En las colinas de Treviso, las pintadas están ya descoloridas. En las curvas de la carretera que sube hacia los Dolomitas aún se lee “Fora Roma”, pero parecen viejos emblemas de una batalla olvidada. El ambiente es optimista: la vendimia del prosecco ha ido muy bien. “Será una añada memorable”, prevén en el consorcio local.
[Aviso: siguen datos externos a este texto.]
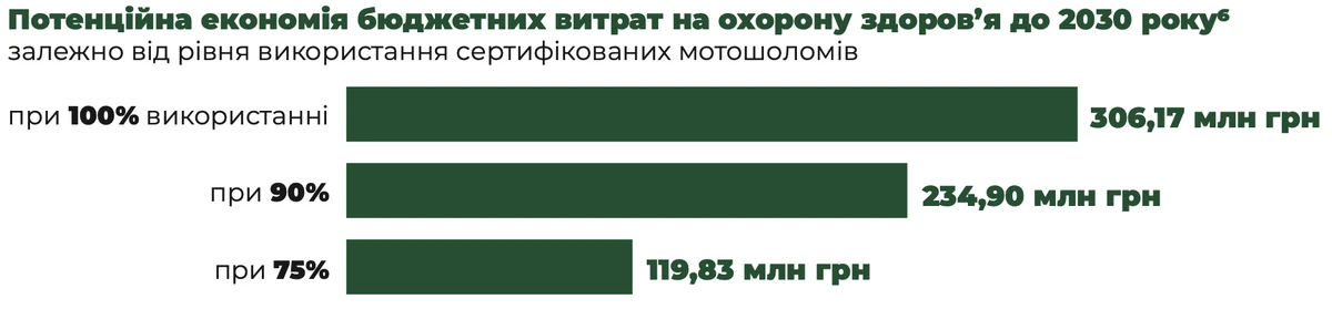 Результати показали: впровадження регламенту може зменшити бюджетні витрати на охорону здоров'я вже в перші роки. Залежно від рівня використання сертифікованих шоломів потенційна економія становитиме: 306,2 млн грн – за умови стовідсоткового використання, 234,9 млн грн – за високого рівня охоплення (90%), 119,8 млн грн – за помірного рівня охоплення (75%).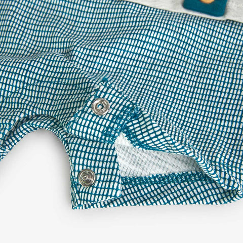 Romper from the Boboli Children's Clothing Line, with fake braces applied and colored print on the front, buttoning on the bottom and on the back.

El entusiasmo por el vino, sin embargo, no se refleja en la próxima cita que esperan estas tierras: las elecciones autonómicas. El Véneto vota el próximo domingo y el resultado, según todas las encuestas, parece descontado: salvo cataclismos políticos, el presidente será Alberto Stefani, un liguista moderado que sucederá a Luca Zaia, apodado el Dogo por haber gobernado la región durante 15 años con un consenso prácticamente plebiscitario (en su última elección obtuvo el 76,8% de los votos). Después de haber intentado durante mucho tiempo cambiar la ley que limita los mandatos, Zaia se ha rendido y se presenta como cabeza de lista de la Liga, aun sin compartir casi nada del giro ultraderechista de Salvini y sin tener el coraje de desafiarlo directamente por el liderazgo.
Los viejos militantes se sienten traicionados por la Liga de Salvini: “Antepone las batallas del sur a las nuestras”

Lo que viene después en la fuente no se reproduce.